Mechanistic Kinetic Model Reveals How Amyloidogenic Hydrophobic Patches Facilitate the Amyloid-beta Fibril Elongation

Abnormal aggregation of amyloid beta (A beta) peptides into fibrils plays a critical role in the development of Alzheimer's disease. A two-stage "dock-lock" model has been proposed for the A beta fibril elongation process. However, the mechanisms of the A beta monomer-fibril binding process have not been elucidated with the necessary molecular-level precision, so it remains unclear how the lock phase dynamics leads to the overall in-register binding of the A beta monomer onto the fibril. To gain mechanistic insights into this critical step during the fibril elongation process, we used molecular dynamics (MD) simulations with a physics-based coarse-grained UNited-RESidue (UNRES) force field and sampled extensively the dynamics of the lock phase process, in which a fibril-bound A beta(()(9-)(40)) peptide rearranged to establish the native docking conformation.
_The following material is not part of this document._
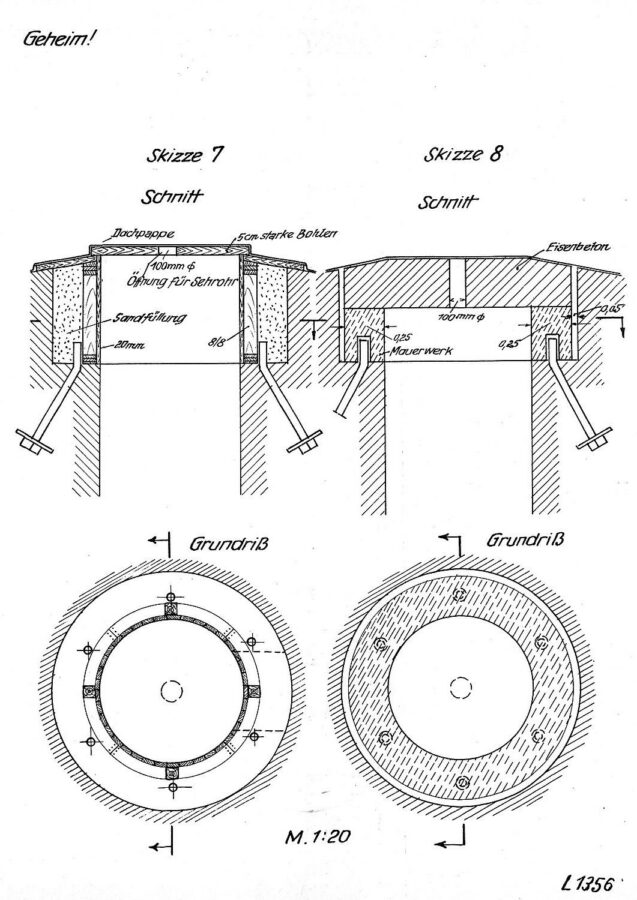 W przypadku braku dostawy przewidzianych do osadzenia kopuł, wspomniana wcześniej instrukcja przewidywała zakrycie wykonanych otworów technologicznych drewnianymi pokrywami, dodatkowo pokrytych papą w celu ochrony przed warunkami atmosferycznymi. W przypadku możliwości bezpośredniego zagrożenia ze strony wroga instrukcja nakazywała wykonanie betonowego korka zamykającego pusty szyb kopuły. Oba przedstawione w instrukcji rozwiązania przewidywały pozostawienie otworu na peryskop. Prawdopodobnie planowano wykorzystanie tego samego typu peryskopu. W betonowych korkach, zakrywających puste szyby kopuł, pozostawiono centralnie umieszczone otwory lub osadzono stalową rurę o średnicy 100 mm. Odpowiada ona wielkością rurze osłonowej przewidzianej dla peryskopu vz.37 w czechosłowackiej fortyfikacji. W części obiektów na Górnym Śląsku zastosowano drugie rozwiązanie. Spowodowane o było najprawdopodobniej tym, że na cześć obiektów miały zostać dostarczone kopuły lub nie zdążono wykonać wszystkich betonowych korków przed wybuchem wojny.

Analysis of the MD trajectories with Markov state models was used to quantify the kinetics of the rearrangement process and the most probable pathways leading to the overall native docking conformation of the incoming peptide. These revealed a key intermediate state in which an intra-monomer hairpin is formed between the central core amyloidogenic patch (18)VFFA(21) and the C-terminal hydrophobic patch (34)LMVG(37). This hairpin structure is highly favored as a transition state during the lock phase of the fibril elongation. We propose a molecular mechanism for facilitation of the A beta fibril elongation by amyloidogenic hydrophobic patches.